Commémoration du 11 novembre à Montceau – Homme et femmes sont restés debout, ils ont résisté

Un sale temps de tranchée comme pour rappeler ces combats à Verdun face à l’ennemi, ce brouillard qui rend difficile l’observation, cette humidité qui s’infiltre partout. Ce froid qui engourdit le doigt sur la détente. La guerre dans toute son horreur.

Ce mercredi 11 novembre 2020 à Montceau-les-Mines, d’abord au monument de Bel Air, place des Groupes Francs de la résistance puis place de l’église devant le monument aux morts, la célébration de la victoire en 1918 a été sobre mais emprunte de respect et de mémoire pour les « 10 millions de morts dont 1 million et demi en France, 2 millions de blessés dont 300 000 gueules cassées et surtout des centaines de milliers de familles à la vie brisée » rappelle Marie-Claude Jarrot.

La Nation française, la Nation montcellienne rend hommage aux morts pour la France pendant cette première guerre mondiale, « la Grande Guerre ».

« Ici, sur le bassin minier, 13 000 partiront sur le front, remplacés par 14 000 autres venus de provinces éloignées, de l’étranger, ainsi que 2 500 prisonniers de guerre allemands qui travailleront aux Houillères entre 1914 et 1919.
Nul ne peut mesurer ce qu’aura été ce conflit, les conditions atroces dans les tranchées, les pertes innombrables pour ne gagner parfois que quelques mètres, les maladies, la peur, le froid, la souffrance morale et physique vécues par des jeunes qui n’avaient parfois même pas 20 ans » mentionne madame le maire.
« J’en ai assez de cette guerre » écrira un jeune montcellien à ses parents.
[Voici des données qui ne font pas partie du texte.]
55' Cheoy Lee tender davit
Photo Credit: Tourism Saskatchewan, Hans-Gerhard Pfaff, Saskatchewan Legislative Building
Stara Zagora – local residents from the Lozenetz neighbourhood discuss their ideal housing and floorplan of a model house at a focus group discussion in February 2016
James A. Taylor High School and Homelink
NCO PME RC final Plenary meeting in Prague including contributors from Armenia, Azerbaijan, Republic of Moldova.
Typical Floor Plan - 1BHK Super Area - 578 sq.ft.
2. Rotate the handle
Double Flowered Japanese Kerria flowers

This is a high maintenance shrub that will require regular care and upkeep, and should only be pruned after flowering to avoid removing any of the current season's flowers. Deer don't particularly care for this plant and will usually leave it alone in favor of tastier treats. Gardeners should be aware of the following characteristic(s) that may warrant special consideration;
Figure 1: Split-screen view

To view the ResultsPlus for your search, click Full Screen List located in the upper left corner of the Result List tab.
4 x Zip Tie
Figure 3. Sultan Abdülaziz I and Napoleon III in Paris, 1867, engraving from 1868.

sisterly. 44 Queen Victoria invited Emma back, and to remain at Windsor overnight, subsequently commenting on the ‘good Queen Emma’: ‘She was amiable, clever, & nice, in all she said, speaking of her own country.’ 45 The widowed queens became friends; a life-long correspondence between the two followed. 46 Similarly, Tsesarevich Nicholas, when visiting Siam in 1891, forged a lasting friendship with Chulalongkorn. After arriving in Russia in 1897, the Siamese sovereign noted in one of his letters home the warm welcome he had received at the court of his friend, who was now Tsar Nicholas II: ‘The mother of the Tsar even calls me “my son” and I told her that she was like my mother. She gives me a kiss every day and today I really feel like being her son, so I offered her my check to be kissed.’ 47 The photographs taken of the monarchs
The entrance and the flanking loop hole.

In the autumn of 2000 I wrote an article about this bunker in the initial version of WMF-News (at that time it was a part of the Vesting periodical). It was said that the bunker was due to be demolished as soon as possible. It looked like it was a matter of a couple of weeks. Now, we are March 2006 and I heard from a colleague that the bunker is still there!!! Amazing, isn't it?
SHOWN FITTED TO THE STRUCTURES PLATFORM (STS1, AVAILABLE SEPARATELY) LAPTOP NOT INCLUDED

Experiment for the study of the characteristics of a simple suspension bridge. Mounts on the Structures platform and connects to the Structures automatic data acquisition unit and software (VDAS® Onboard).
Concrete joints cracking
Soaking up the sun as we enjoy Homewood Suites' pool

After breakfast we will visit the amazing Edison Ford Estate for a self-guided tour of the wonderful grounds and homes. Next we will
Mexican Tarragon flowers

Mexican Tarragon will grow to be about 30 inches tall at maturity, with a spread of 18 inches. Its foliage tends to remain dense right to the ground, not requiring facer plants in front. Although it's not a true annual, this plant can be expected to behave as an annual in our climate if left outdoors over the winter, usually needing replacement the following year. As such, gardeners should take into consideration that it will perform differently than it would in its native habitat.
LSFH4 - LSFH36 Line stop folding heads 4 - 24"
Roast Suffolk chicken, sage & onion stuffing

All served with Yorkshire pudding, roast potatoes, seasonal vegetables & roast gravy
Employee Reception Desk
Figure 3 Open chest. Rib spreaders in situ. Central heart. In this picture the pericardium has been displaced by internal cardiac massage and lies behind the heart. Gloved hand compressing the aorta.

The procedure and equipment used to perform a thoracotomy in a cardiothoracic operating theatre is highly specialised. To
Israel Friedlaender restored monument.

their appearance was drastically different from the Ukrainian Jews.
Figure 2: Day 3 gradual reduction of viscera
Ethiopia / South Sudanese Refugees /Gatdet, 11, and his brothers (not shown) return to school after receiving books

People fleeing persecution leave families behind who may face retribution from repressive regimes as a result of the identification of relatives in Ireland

Ne pas oublier, toujours se souvenir que vivre libre a un prix et un sens commun. « Nul ne peut imaginer l’implication et le rôle des femmes aussi pour faire tourner l’industrie, l’agriculture, l’administration et les hôpitaux. C’est peut être, autre temps, autre combat, pour nous rappeler la guerre sanitaire dans laquelle nous sommes aujourd’hui impliqués et qui, à n’en pas douter, inscrira ses victimes et ses affres dans les livres d’histoire déjà pleins des images de cette guerre de 14 que nous devons absolument commémorer pour que nos enfants ne soient pas privés de leur passé.

C’est cela aussi la puissance des livres, des témoignages et de l’enseignement » ne manque pas d’évoquer Marie-Claude Jarrot.
Ce 11 novembre 2020, même 102 ans après nous lance à la figure combien il est important d’apprécier la paix. « Sachons la déguster, la savourer. Sachons y travailler. Pour qu’elle vive au-delà des tracas. Pour qu’elle vive au-delà des incivilités, des questionnements ou des crises. Sachons prôner et appliquer les valeurs du respect, de la tolérance, de l’ouverture ».
J.B.

2 commentaires :

  1. Bonsoir
    c’est bien de ne pas oublier ce passé
    c’est bien de rendre ces hommages
    C’est bien de chanter la marseillaise

    Mais quand même, vous n’avez pas honte, vous, nos dirigeants nationaux et locaux d’emmener notre pays où il va (référence à l’article sur le plessis aujourd’hui)
    Alors que vous vous inclinez devant ceux qui ont donné leur vie pour libérer notre pays vous nous préparez de bien sombres moments par votre laxisme.
    Nos anciens morts pour la patrie doivent se retourner dans leurs sépultures
    Honte à vous
    Bernard

  2. Qui sait si l’inconnu qui dort sous l’arche immense
    Mêlant sa gloire épique aux orgueils du passé
    N’est pas cet étranger devenu fils de France
    Non par le sang reçu mais par le sang versé.

    Pascal Bonetti, poète et journaliste.